Machine service is the slower burn. Way lube, coolant system maintenance, belt and filter changes, and every repair with its invoice belong on the machine’s own history - because that history is what eventually answers whether the next spindle rebuild is an investment or good money after bad.
Getting started without stopping production
- Start with the crib and the gauges. The highest-value, highest-drift items first; the rest of the shop can follow a drawer at a time.
- Label as you list. Small durable labels on holders and equipment; for gauges that live in fitted cases, label the case.
- Draw the asset/stock line once. Inserts and drills get reorder points, not records. A register full of individually tracked drill bits is a register nobody maintains.
- Check everything out to where it is today. True from day one beats complete next quarter.
- Enforce one habit: nothing leaves the crib without a scan.
Where AMPthilly fits
AMPthilly runs this whole pattern from a phone browser. Each tool gets a register entry with custom fields - calibration due dates on gauges, condition notes on fixtures - plus printable QR labels you can batch-print for an entire drawer. Scanning a label with a phone camera opens the record in the browser, no app install, where a machinist can check the tool out, hand it over, or report damage with a photo through the service desk. Checkouts, returns and edits land in a permanent audit history, and CSV import brings an existing tooling list straight in. The free plan covers 3 users and 25 assets with no card required - enough to pilot the gauge cabinet before putting the whole crib on it (plans are on the pricing page).
FAQ
How do machine shops keep track of tooling and gauges? Durables get IDs and an owner - a person, machine or shelf - with checkouts recording every move; inserts and drills are stock with reorder points, counted on a rolling cycle.
Should cutting tools be tracked as assets or consumables? If it comes back after the job (holders, collets, fixtures), it is an asset. If it gets used up (inserts, drills, taps), track quantity with a reorder point instead.

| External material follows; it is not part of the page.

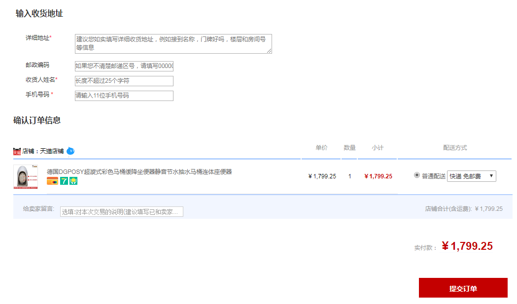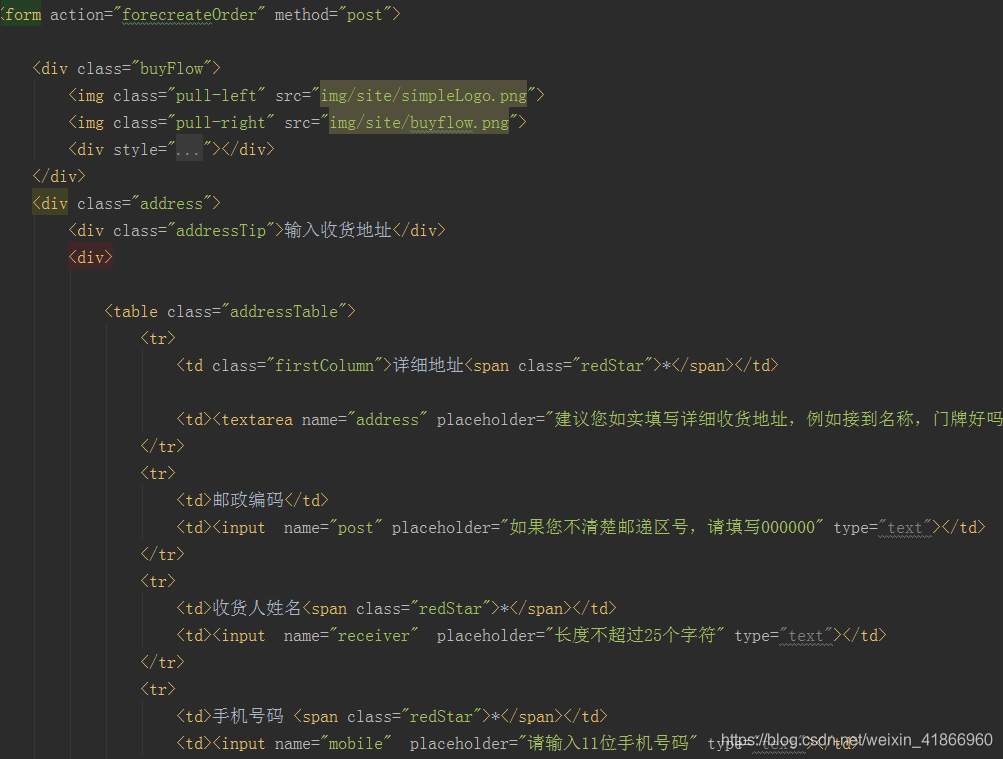 2. 通过参数Order接受地址,邮编,收货人,用户留言等信息

How do you track gauge calibration in a small shop? Due date and latest certificate on each gauge’s record, gauges checked out to the cal lab when they leave, and a monthly filter on what is coming due.
Is a spreadsheet enough for tool crib management? For one bench, maybe. Once tooling moves between machines and people daily, the checkout itself has to update the record - nobody edits a sheet mid-setup.
How does QR labelling work on machine shop tooling? Small durable labels tied to each item’s record; a phone camera scan shows what it is, who has it, and its history. Label cases or storage slots where coolant and chips would destroy a label on the tool.
The takeaway
Shop tooling drifts because handovers outpace records. Separate assets from stock, give every durable item an ID and an owner, run the crib as a checkout counter, and put calibration and service dates on the record where they can nag. Tools like AMPthilly wrap that pattern - register, checkouts, QR labels, service history - in one place, free to start with 3 users and 25 assets; but the rule comes first: if it comes back to the drawer, it has a record.